Did I Like It: We’re a different world now. I’ve changed, and even Rob Gordon (Cusack) has changed*. Can a movie which lived so aggressively rent free in my head at one time mean the same thing now? Should it?
As with many other movies I have seen dozens of times before, I had half a dozen other things going on while it was playing, but I couldn’t help dropping those other things and once again being transfixed by the movie. I doubt I’ll ever have it on repeat again like I did back then, but the memories are all still there, and enough time has passed to make them something akin to pleasant. I wonder what Rob is like now. I’d like to think that he would have the same morbid fascination with his prior antics that I do.
Aside from that, every note of the movie feels correct.
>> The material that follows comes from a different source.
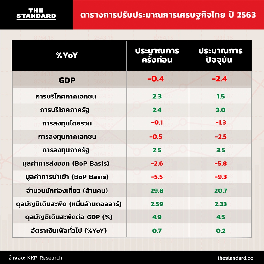 วันนี้ (20 มกราคม) KKP Research เปิดเผยว่าปี 2563 คาดว่าการเติบโตของเศรษฐกิจไทยจะติดลบเพิ่มขึ้นเป็น -2.4% จากก่อนหน้านี้ที่ประเมินว่าเศรษฐกิจไทยจะหดตัว -0.4% โดยประเมินว่าสถานการณ์การแพร่ระบาดของโควิด-19 จะรุนแรงและขยายวงกว้างขึ้น โดยเฉพาะในยุโรปและสหรัฐอเมริกา ขณะเดียวกันต้องจับตามองการยกระดับมาตรการควบคุมการระบาดในประเทศไทย
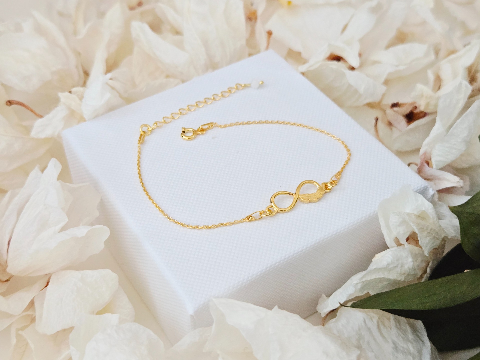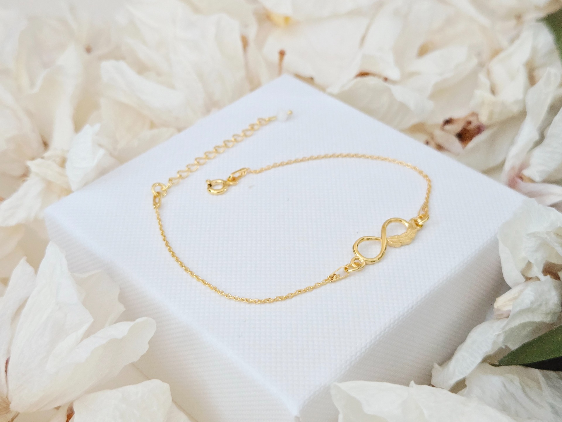 Materiál: strieborný retiazkový náramok z pravého striebra Ag 925 pozlátený 24k zlatom, medzikus v tvare nekonečna s pierkom z pravého striebra Ag 925 pozlátený 24k zlatom

The soundtrack is great top to bottom, and that has almost nothing to do with the memories it inspires. Jack Black arrives as the movie star we now know him to be. It is truly impressive that the filmmakers were able to change the location of their adaptation from London to Chicago, aside from the long runner where Rob goes on and on about the hypothetical man “called Ian (Tim Robbins)” and I don’t think any American has ever avoided the verb “named” that resolutely.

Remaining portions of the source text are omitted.